Stevens Johnson Syndrome : Symptoms and Treatment

What is Stevens-Johnson Syndrome (SJS)?

Stevens-Johnson Syndrome (SJS) is a rare but serious disorder that affects the skin and mucous membranes. It is often triggered by a reaction to medications or infections. SJS is a medical emergency, as it can lead to severe skin detachment, blistering, and complications that can be life-threatening. If untreated, the condition may progress to toxic epidermal necrolysis (TEN), a more severe form of the disease, characterized by widespread skin detachment and systemic complications.

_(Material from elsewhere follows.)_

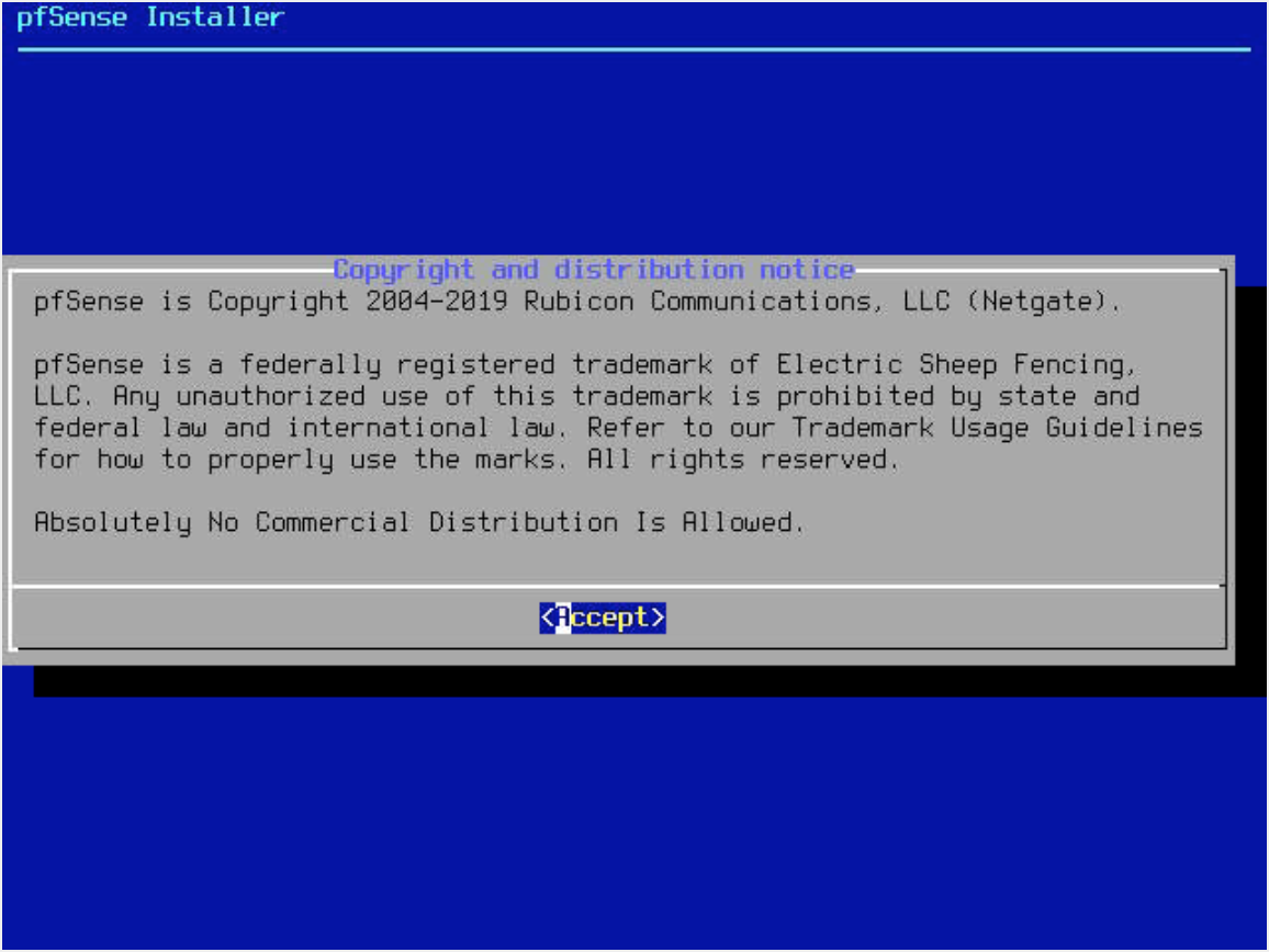 The pfSense install wizard displays. Accept the copyright and distribution notice by pressing the Enter key on your keyboard: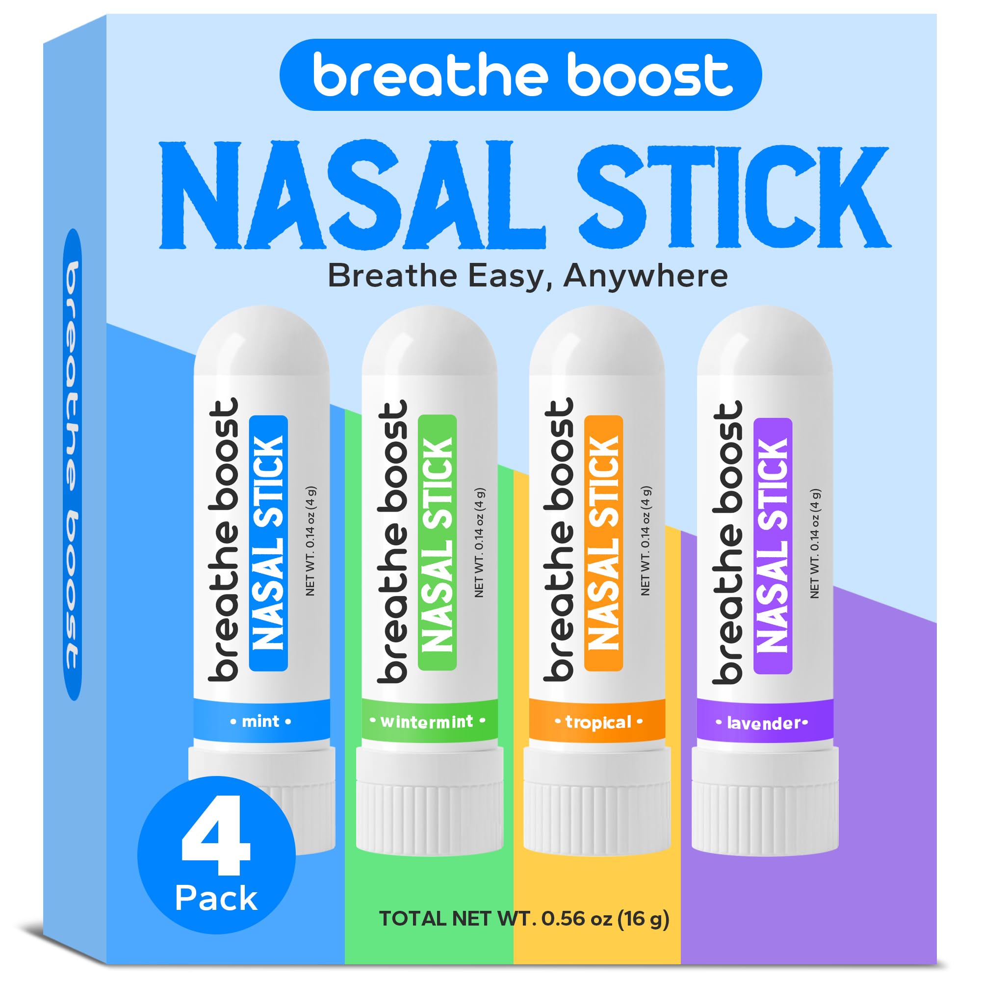 Palo nasal (paquete de 4), inhalador portátil para alivio instantáneo de senos nasales y alergias, juego de palitos nasales con me

Symptoms of Stevens-Johnson Syndrome

SJS typically starts with non-specific symptoms, followed by more severe manifestations.

Early Symptoms (Prodromal Phase):

Fever

Fatigue or malaise

Sore throat

Cough

Red or watery eyes

Later Symptoms (After 1–3 Days):

Skin Rash: Begins as red or purplish spots, usually painful, and spreads quickly.

Blisters: On the skin and mucous membranes (e.g., mouth, eyes, genitals).

Skin Peeling: Large areas of skin may slough off, leaving raw, exposed skin.

Mucosal Involvement: Painful sores in the mouth, throat, nose, and genitals.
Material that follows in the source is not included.